Details: 27 May 2019

Spring Framework announced recently to ship with support for reactive transaction management.
Let’s take an in-depth look at how this works for R2DBC, the reactive specification for SQL database access.

Transaction Management is a pattern and not technology-specific. From that perspective, its properties and runtime behavior are a function of the implementing technology.

TL; DR: From a database perspective, imperative and reactive transactions work the same. From a Java perspective, there are several differences between imperative and reactive transactions.

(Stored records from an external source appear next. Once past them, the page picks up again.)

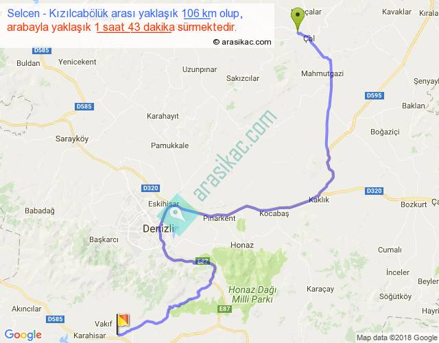 Selcen - Kızılcabölük arası yaklaşık olarak 90 km/h ile yukarıda belirtilen sürede olup, iki yerin kuş uçuşu uzaklığı (mesafesi) 61'dir. Yolculuk otobüsle 2 saat 13 dakika sürmektedir.
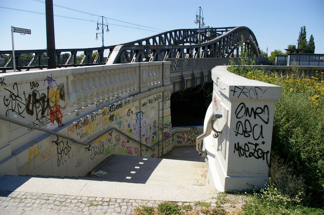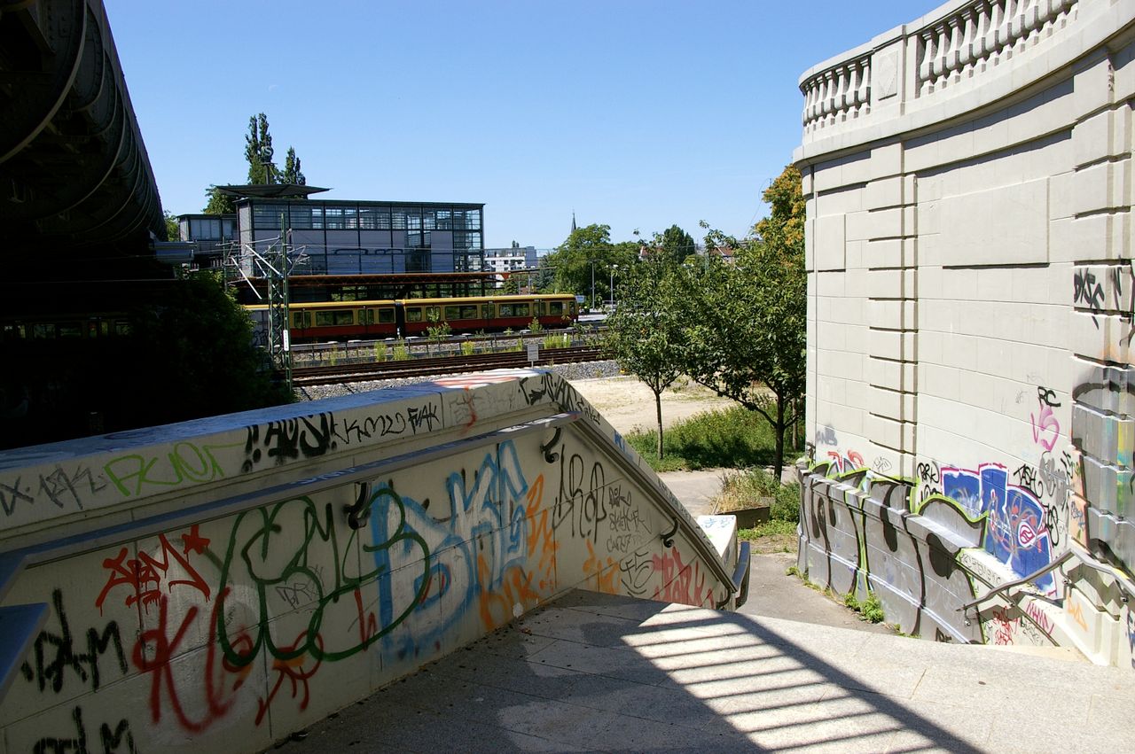 Stark befahrene Straße mit Brücke unter der diverse S - Bahnlinien verkehren. Oberhalb der Brücke fahren zwei Trambahnlinien, die den ehemaligen Osten mit dem Westen (Wedding) verbinden.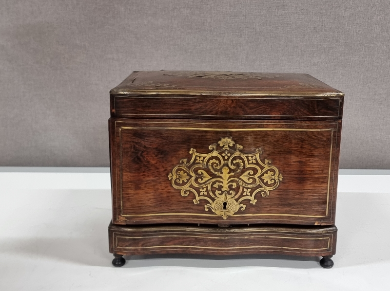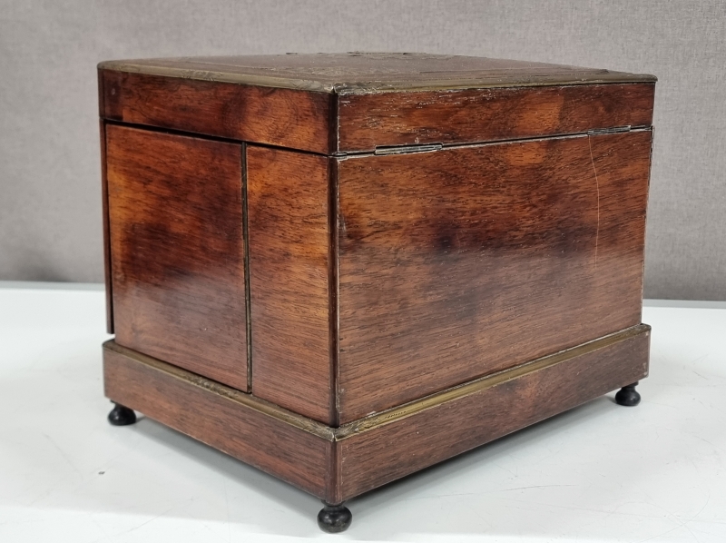 #1826 1800-luvun puinen baarikaappi, satulli, messinkilyötteillä.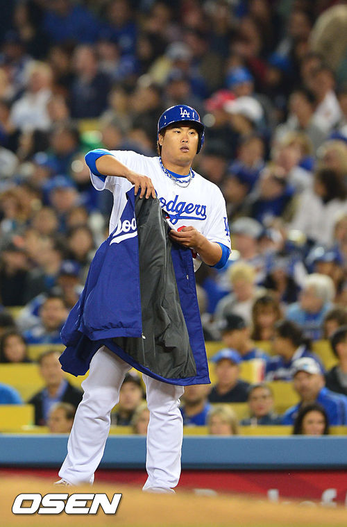 1일(이하 한국시간) 미국 캘리포니아 로스앤젤레스 다저스타디움에서 열리는 LA 다저스와 콜로라도 로키스의 경기 3회말 2사 주자 1,2루 LA 다저스 류현진이 우중간 1타점 적시타를 날린 후 1루에서 점퍼를 입고 있다.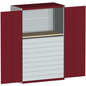 Kast zware mini atelier Cubio, Lean Management: ja, Totale hoogte: 2000 mm, Aantal laden: 9, Totale breedte: 1300 mm, Aantal legborden: 0, Totale diepte: 650 mm, Kleur deur: Rood, Geleverd gemonteerd: ja, Recyclebare verpakking: Ja - 100%, Gerecyclede verpakkingen: 93 %, Aantal deuren: 2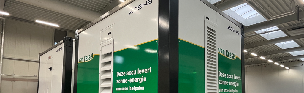 deze zomer wordt hun laadplein gevoed met zonne-energie. Met 450 zonnepanelen op het dak van hun bedrijfspand en een DENS Powerhub voor lokale PV-opslag, kan Van Kessel het groeiende aantal elektrische auto’s en trucks op de weg duurzaam opladen.
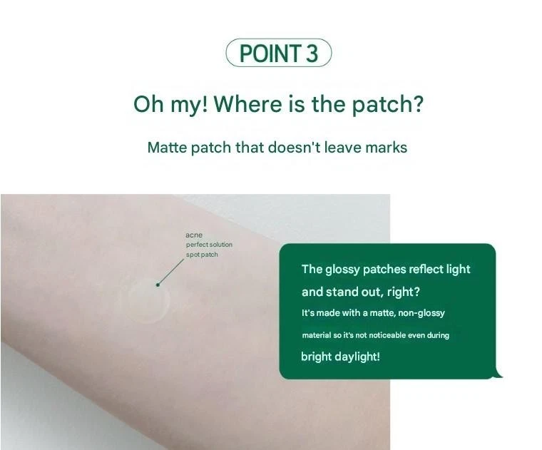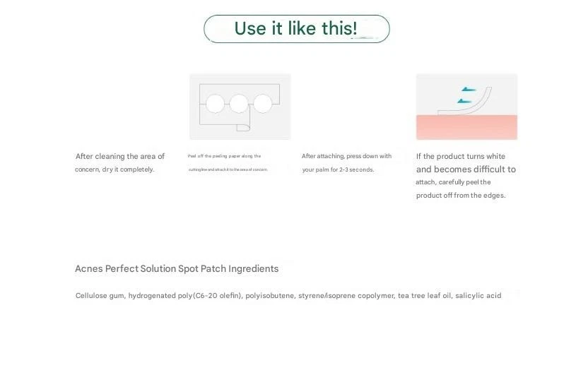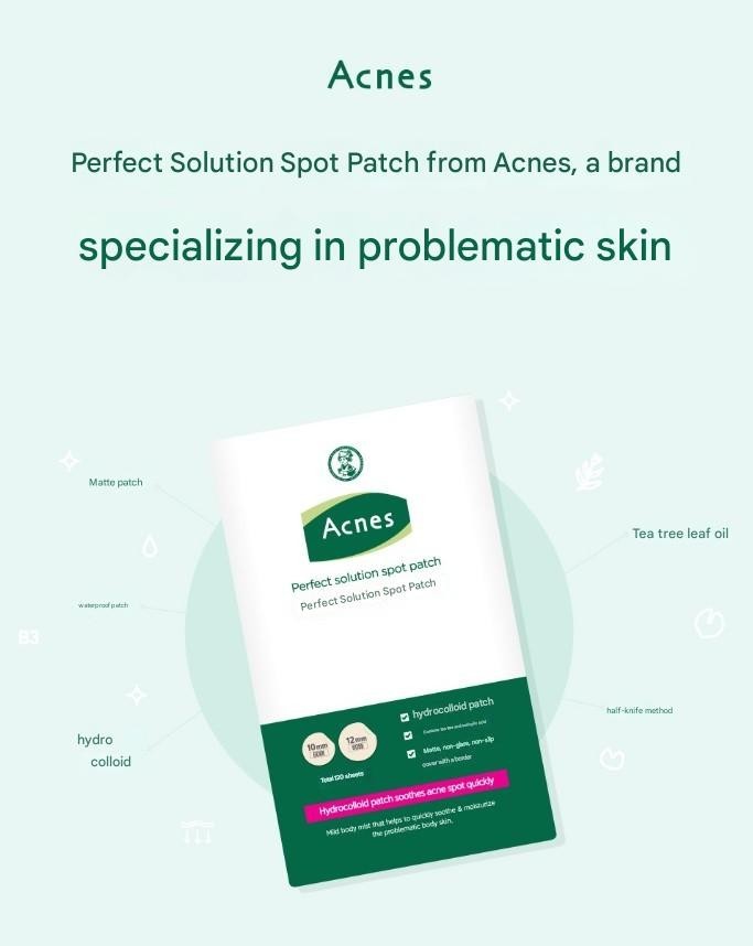 Acnes Perfect Solution Spot Patch A specialized hydrocolloid acne patch designed to soothe, protect, and heal skin problem areas quickly and discreetly. Key Features 🌿 Tea Tree Leaf Oil – Soothes irritated skin and provides gentle care for troubled spots. πŸ’§ High-Adhesion Hydrocolloid – Maintains a moist environment to promote faster healing while protecting against external irritants. πŸ‘» Ultra-Thin & Invisible – Only 0.16mm thick, matte finish makes it barely noticeable, even in bright daylight. 🚿 Waterproof & Long-Lasting – Stays firmly in place throughout the day, even after showering. βœ‚οΈ Half-Knife Sheet Design – Easier and cleaner to peel off without contaminating the patch. 🌟 Flawless Coverage – Blends seamlessly with skin, preventing makeup disruption. How to Use Clean and dry the affected area completely. Peel off the patch from the sheet and apply directly onto the spot. Press gently for 2–3 seconds to secure adhesion. Remove once the patch turns white or after desired usage time. Ingredients Cellulose gum, Hydrogenated poly(C6-20 olefin), Polyisobutene, Styrene/isoprene copolymer, Tea tree leaf oil, Salicylic acid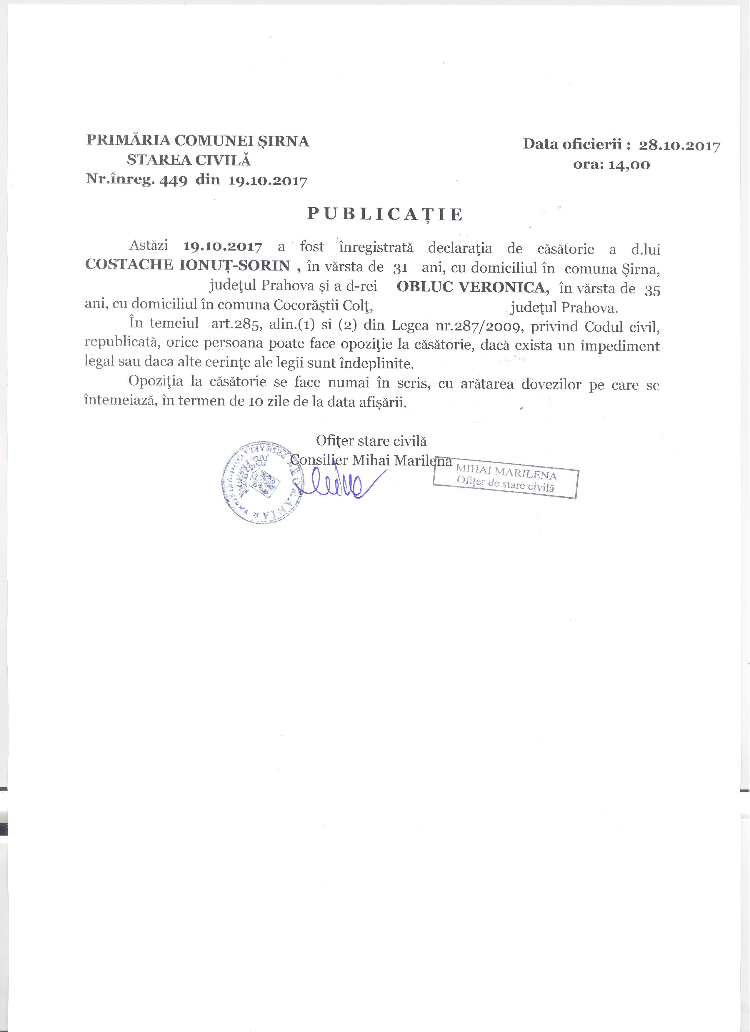 16) Publicatia de casatorie nr. 449 din data de 19.10.2017 (Costache Ionut-Sorin si Obluc Veronica)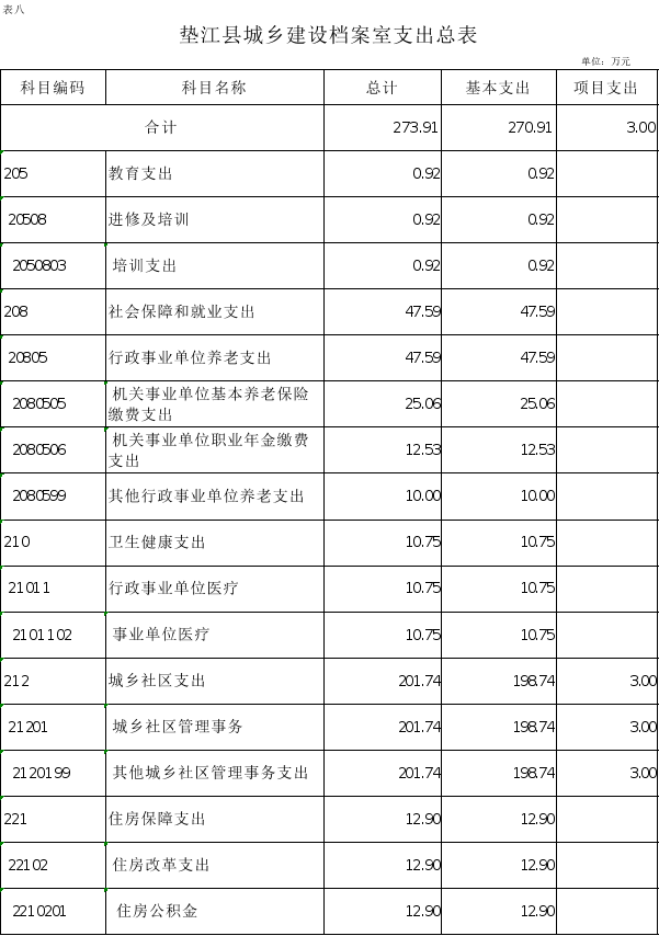 8.垫江县城乡建设档案室支出总表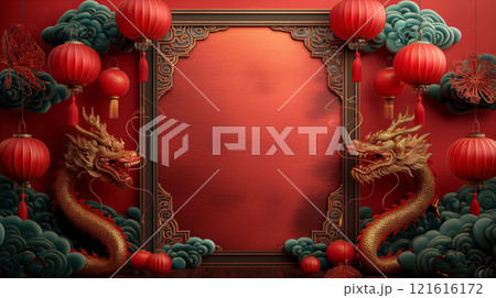 Dragon, lanterns on festive Chinese New Year background in traditional Asian decor. Generative AI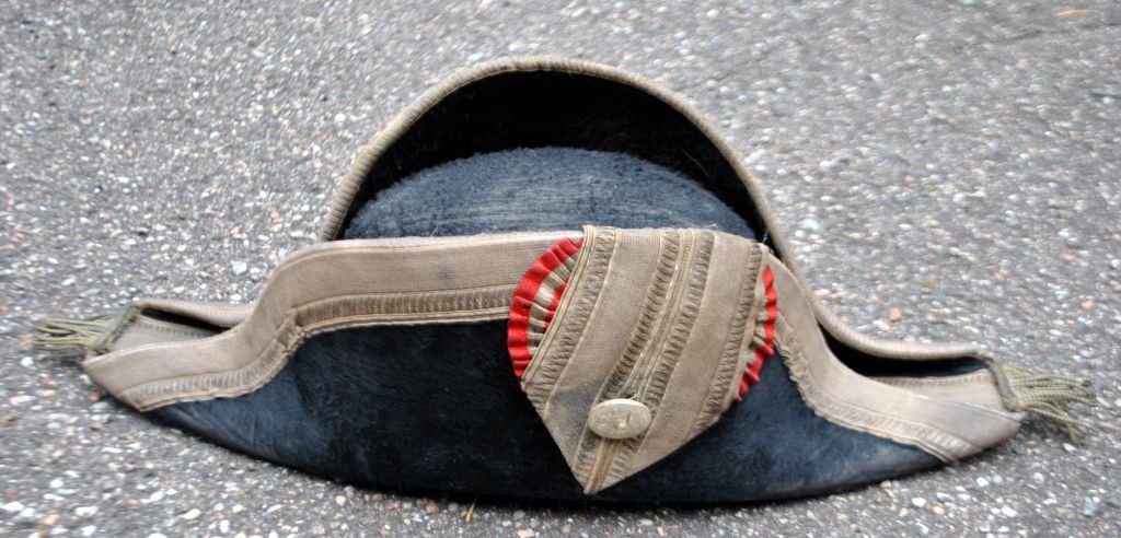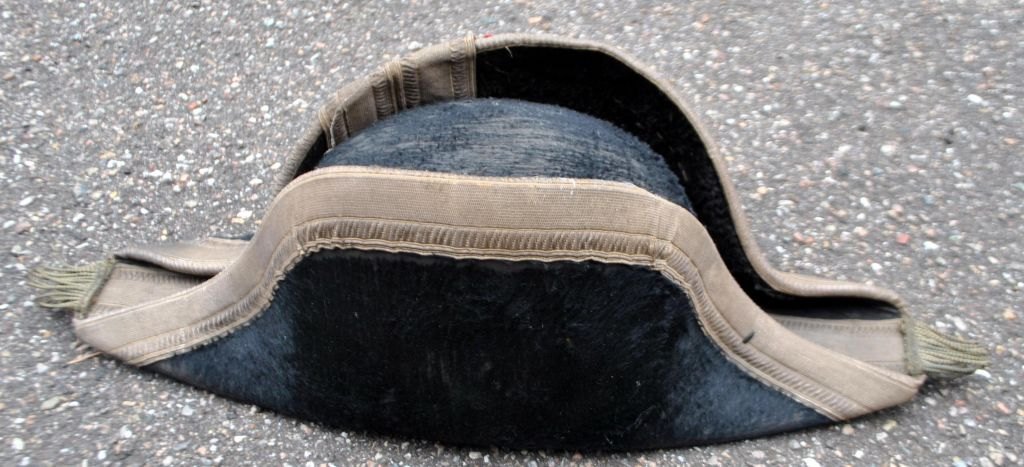 Antiker "Saucentopf", Dreieckshut, Grenzgendarm. 19. Jahrhundert. Dänemark. Hersteller: Königliche Hofhutmanufaktur AF Bodecker, Frederiksbergsgade, Kopenhagen. Innen gestempelt. L.: 43 cm. H.: 13,5 cm.Die Holsteinische Grenzgendarmerie wurde am 1. Januar 1839 von König Frederik VI. gegründet, um die Grenze zwischen dem dänischen Herzogtum Holstein und den deutschen Fürstentümern zu kontrollieren. Die Grenze verlief an der Elbe und der Stadt Hamburg.

Let’s look at imperative transactions first.

Imperative Transactions

In imperative transactions, more specifically aspect-oriented transaction management with e.g., interceptors, the transactional state is typically transparent for code. Depending on the underlying API, we can obtain the transactional state and transaction-bound resources from somewhere. This somewhere lives typically in a ThreadLocal storage. Imperative transactions assume that all transactional work of your code happens on the same Thread.

Another aspect of imperative transactions is that all data stays within a @Transactional method while a transaction is ongoing. Tools like JPA allow result streaming through a Java 8 Stream. In any case, the streaming requires an enclosing @Transactional method. No transactional data can leave a method while a transaction is ongoing – data does does not escape.

I’m pointing these two issues out as they behave differently with reactive transactions.

Resource Binding

Before continuing to reactive transactions, we need to improve our understanding of the transactional state. Transactional state consists typically of the transaction state (started, committed, rolled back) and resources that are bound to the transaction.

Transactional resources, such as database connections, typically bind their transaction progress to an underlying transport connection. This is, in most cases, a TCP connection. In cases where a database connection uses multiplexing, the state is bound to a session object. In rare cases, database operations accept a transaction or session identifier. Therefore, we assume, that we bind a connection to a transaction to embrace the lowest capable approach as transactional state is typically not portable across connections.

Reactive Transactions

When using reactive programming, we want to apply the same level of convenience (read: use the same programming model) when using transactions, ideally @Transactional methods when using annotation-based transaction demarcation. Coming back to the notion that transaction management is just a pattern, the only thing that we need to swap out is technology.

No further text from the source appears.